Brain growth patterns in 27 children with neurofibromatosis 1 (NF-1) (20 boys, aged 1.0-17.7 years; mean age, 8.8 years) were compared to 43 controls (22 boys, aged 0.1-17.7 years; mean age, 5.9 years) using magnetic resonance imaging (MRI) in a study at Children’s Medical Center, Hartford, Connecticut. Patients with NF-1 have a lateral volume expansion of the cerebral hemispheres, accounting for the characteristic megalencephaly, and an acceleration of brainstem growth rate, as measured by brainstem height, with increasing age. Significant morphometric changes compared to controls included a larger bicaudate width, biatrial width, biparietal diameter, iter measures, and descending sigmoid sinus. The regions showing increases in size and growth rate compared to controls are the parenchymal zones that correlate with high-signal T2-weighted lesions on MRI. These data show that patients with NF-1 have dynamic changes in brain morphometry with region-specific parenchymal overgrowth. [1]

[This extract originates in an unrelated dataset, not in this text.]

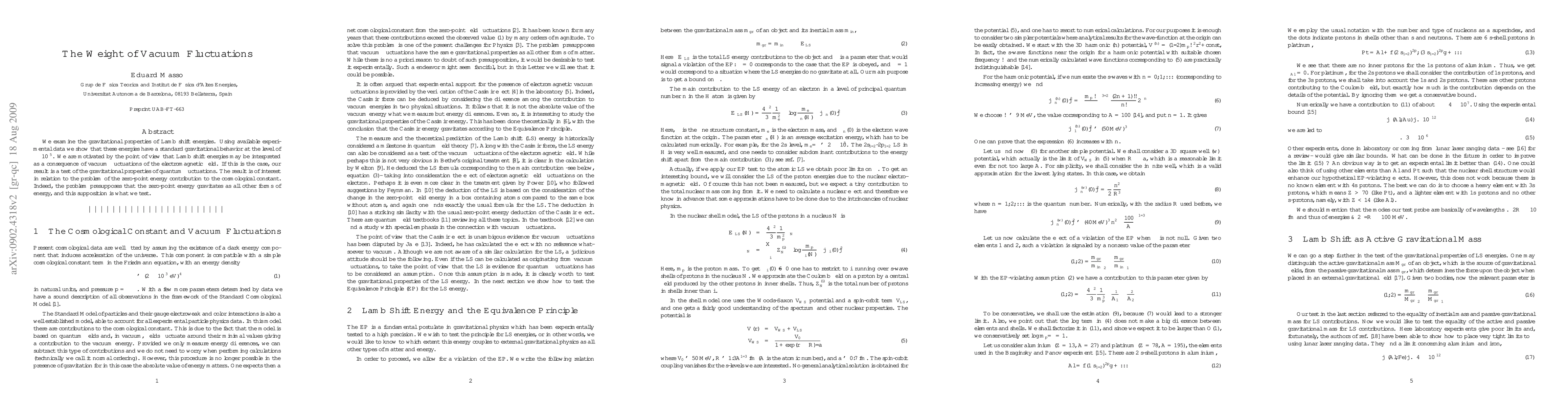 We examine the gravitational properties of Lamb shift energies. Using available experimental data we show that these energies have a standard gravitational behavior at the level of $\sim 10^{-5}$. We are motivated by the point of view that Lamb shift energies may be interpreted as a consequence of vacuum fluctuations of the electromagnetic field. If this is the case, our result is a test of the gravitational properties of quantum fluctuations. The result is of interest in relation to the problem of the zero-point energy contribution to the cosmological constant. Indeed, the problem presupposes that the zero-point energy gravitates as all other forms of energy, and this supposition is what we test.

COMMENT. Neurofibtomatosis 1 (NF-1), a genetic autosomal dominant disorder, characterized by cafe-au-lait macules, skin freckling, Lisch nodules, and an increased risk of benign and malignant tumors, is frequently associated with learning disabilities and attention deficit disorder. In an editorial [2], the relationship of the brain morphometric changes and neurofibromin (NF1 gene protein) to learning disabilities, UBO formation, and brainstem gliomas in NF-1 is discussed. Gutmann DH et al [3] have identified a protein isoform of the NF1 gene, exon 9a neurofibromin, localized in the cytoplasm of forebrain neurons, and first detected after postnatal day 2. The function of this neuron-specific isoform in the developing brain remains to be determined.